Maine map... Maine list
Crash location 43.779723°N, 70.015556°W
Nearest city Harpswell, ME
43.773416°N, 69.971159°W
2.3 miles away
Tail number N403WD
Accident date 25 May 2014
Aircraft type Divis S L/WALTRIP A J Rv 4
Additional details: None

NTSB Factual Report

The pilot stated that the flight planning indicated the time en-route to be 3.0 hours, which allowed for a 45 minute fuel reserve. After takeoff the flight remained at 1,500 feet until clear of Special Flight Rules Area (SFRA) at PALEO exit Gate, then climbed on course to 7,500 feet mean sea level (msl). Course deviations en-route due to weather occurred, and when the flight was 15 nautical miles south of Portland, Maine, he descended to 5,500 feet msl and continued at that altitude towards the destination airport until, "…indications of pending engine failure at approximately 10 NM northeast of Portland." He established best glide airspeed, declared an emergency with air traffic control and confirmed the distance to Portland and his destination airports. He proceeded towards another airport (Farr Field Airport) and flew over it at "High Key" position, or over the runway, and turned east for "Base Key." While on final approach he maneuvered between trees and touched down on runway 32. After touchdown he intentionally applied left rudder and brake to avoid runway overrun into water past the departure end of the runway. After coming to rest, both occupants exited the airplane; the total flight duration was reported to be 2 hours 45 minutes. The pilot reported there was no preimpact failure or malfunction that would have precluded normal operation. During the accident sequence, the airplane sustained damage to the firewall and left side of the aft fuselage near the tailwheel assembly.

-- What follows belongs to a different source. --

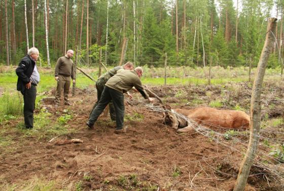 Na miejscu okazało się, że w plątaninie drutu znajduje się młody, bo około pięcioletni, byk z bardzo okazałym porożem, jak fachowo określają leśnicy - w formie dwudziestaka obustronnie koronnego. Ślady wskazywały, że nie spędził tam dużo czasu.

Postaccident inspection of the airplane by a Federal Aviation Administration airworthiness inspector revealed the fuel tanks were empty and were not breached. A copy of the FAA Inspector Statement and photographs depicting the damage are contained in the NTSB public docket.

The pilot further stated that factors that resulted in increased fuel consumption for which he did not take into account included a recent propeller change which increased engine rpm, fuel consumption planning for the accident flight based on a previous flight flown at a higher altitude and less weight, and finally course deviations.

NTSB Probable Cause

The pilot's inadequate preflight and in-flight planning which resulted in total loss of engine power due to fuel exhaustion.